If the left keeping misreading the zeitgeist, the trends show the far right and radical right will win. The middles classes dominate demographic support for the Continental Greens who love the sound of radicalism except when they must pay the price. They become part of the establishment or are just plain ineffective. That is not a coalition of voters which will deliver the radical change needed and have sufficient influence among the population that power is a realistic process.

There are positives, however, about having Greens leveraging influence because of their strong performance. The Greens can push Labour in building more council houses and investing more boldly in the economy. Rachel Reeves will not fuel a housing construction boom by relying on private sector investment. Thereby, the cost-of-living crisis will not resolve itself hurting Labour's prospects in the net General Election.

Green co-leader Adrian Ramsay, to the contrary, has given Labour early ammunition by opposing a 100-mile-long wind farm corridor distributing clean energy from offshore renewable energy sources. Labour is decarbonising the electricity grid while Green NIMBYism opposes such developments.

There are already hints of neoliberal regressivism within Labour's agenda. Rachel Reeves has stated there is a lack of money in the treasury, suggesting little room for investment. This is the economically illiterate nonsense posed by Labour's fiscal rules, which the New Realist wholeheartedly condemned. The new Secretary of State for Health and Social Care, Wes Streeting, is being advised by the chief architect of the NHS PFI scheme, Alan Milburn, suggesting that the private sector and consumer choice will be paramount in sorting out the NHS.

On more positive news, though, Labour scrapped the Rwanda scheme, set up a sovereign wealth fund, ended the de facto ban of onshore wind farms, started recruitment schemes for teachers, and ended the UK's obstructing ICC arrest warrants for Benjamin Netanyahu and Yoav Gallant. Overall, Labour has made a proactive start to government, showing it means business.

Social Democratic Workers Party

The New Realist advocates for a new hypothetical party/organisation of the left combing Labour's ruthless pragmatism with economically progressive and socialist policies.

After the New Realist's endorsement of tactical voting, we proposed the establishment of a new political force on the left, effectively synthesising aspects of the Green Party and the Workers Party into a single cohesive platform. The premise is a pragmatic orientated radical party of the left, which not only is electorally savvy like the Nouveau Front Populaire, but also demonstrating that Britain is governable on a radical social democratic platform.

The Social Democratic Workers Party is the name of this platform, so far. The objective of this organisation would be organising the working classes, petite bourgeoisie, and the middle classes into a cohesive electoral coalition promoting an emergent bottom-up mutualism while advocating for a gradualist top-down political program for advancing this new mutualist/socialist movement.

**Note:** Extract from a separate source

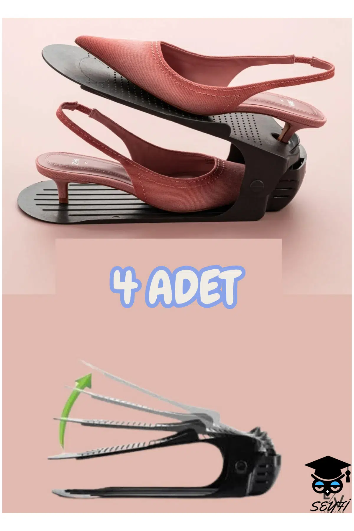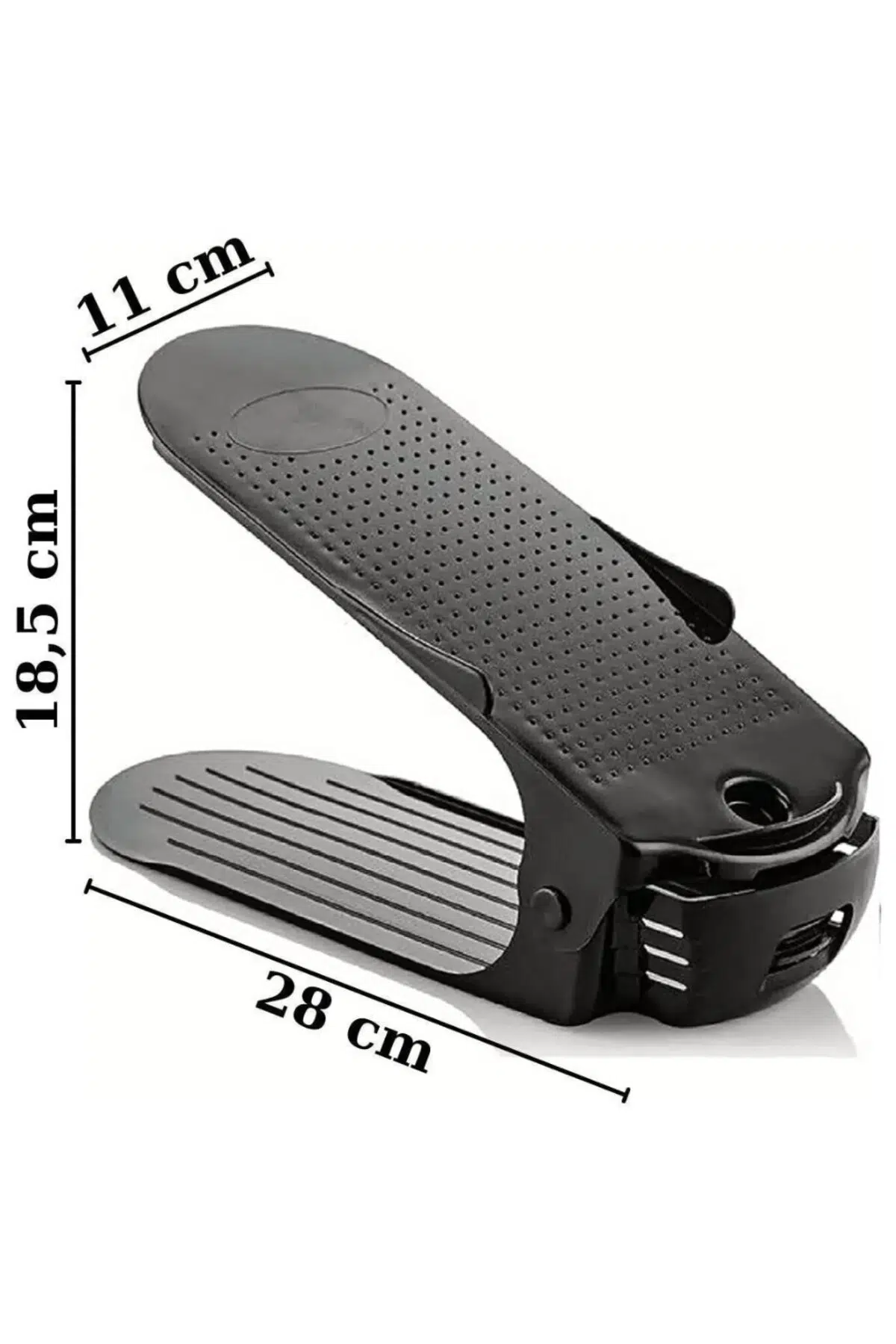 - Dayanıklı plastik malzemeden üretilmiş, uzun ömürlü kullanım sunar.; - 4 farklı ayarlama kademesi ile her türlü ayakkabı boyutuna uyum sağlar.; - Kolayca temizlenebilir yüzeyi sayesinde hijyenik bir kullanım imkanı tanır.; - Siyah renk seçeneğiyle şık ve modern bir görünüm sergiler.; - Türkiye'de üretilmiş olup yerel kaynaklı malzemelerle çevreye duyarlı bir tercih sunar.

The early socialists will inspire its modus operandi. The old social democratic parties had working class support but there was little to no suffrage for workers, whereas today the opposite is true. Socialists must attract the metaphorically disenfranchised, rather than the disenfranchised. Only by making a positive impact in the day-to-day lives of workers through mutual aid, mutual credit, showcasing the strength of worker solidarity, and giving the deprived a cause greater than themselves will the electorate see the benefit of social democracy - a moderate and gradualist implementation of socialism - to their lives.

Karl Marx and the socialists, whether Marxist or not, became successful through organisation, not writing for newspapers. Praxis is applied theory. The New Realist aims to showcase what praxis can look like, but for real change to occur, organisation and the execution of plans is paramount. That's where the "Social Democratic Workers Party" comes in.